Great pictures, thank you for posting. Love to see them having fun.


----------



## Clodagh (9 July 2018)

He is gorgeous. I wish all breeds came in merle!


----------



## ycbm (9 July 2018)

They are all gorgeous dogs but there's something very special about your pup


----------



## Cinnamontoast (9 July 2018)

So fierce, that face! 

Love the Gordon setter pup, I think I&#8217;ve seen one in my life.


----------



## WandaMare (9 July 2018)

Adorable creatures, all of them. I love the picture with the retriever with his paws out to the sides, they look so happy  What a wonderful time your pup's been having.


----------



## BBP (9 July 2018)

Red-1 said:



			You were right, I did enjoy your lovely photos!

Which Parkrun was it?
		
Click to expand...

That one was Basingstoke a couple of weeks ago. He really wanted to join in but was very good. And then he met the big husky and decided she was a suitable alternative!


----------



## BBP (9 July 2018)

Penny Less said:



			Your puppy is beautiful, BBH    but Im in love with  Gordon setter puppy, mwah, mwah ! Lucky bod (the owner)!
		
Click to expand...

The setter is a real cutie, I had never met one before. He was a bit overwhelmed my my older puppy wanting to play to start with and would hide, so my clever pup changed tactic and instead of trying to bounce on the setter he would go carefully up and then run away, inviting the setter to chase him.
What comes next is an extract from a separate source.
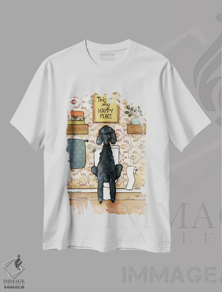 تیشرت سفید طرح دار – تیشرت پودل ,جای شاد پودل اثر جیمی موراث فروشگاه ایماژ تیشرت طرح پودل ,جای شاد پودل اثر جیمی موراث

Success!! Great games followed with little setter feeling like the boss. We then thought little one had had enough so I popped the lead on mine to take him home, at which point setter pup picked up the end of the lead and trit trotted around the garden leading my puppy around. Very sweet.


----------



## BBP (9 July 2018)

ycbm said:



			They are all gorgeous dogs but there's something very special about your pup 

Click to expand...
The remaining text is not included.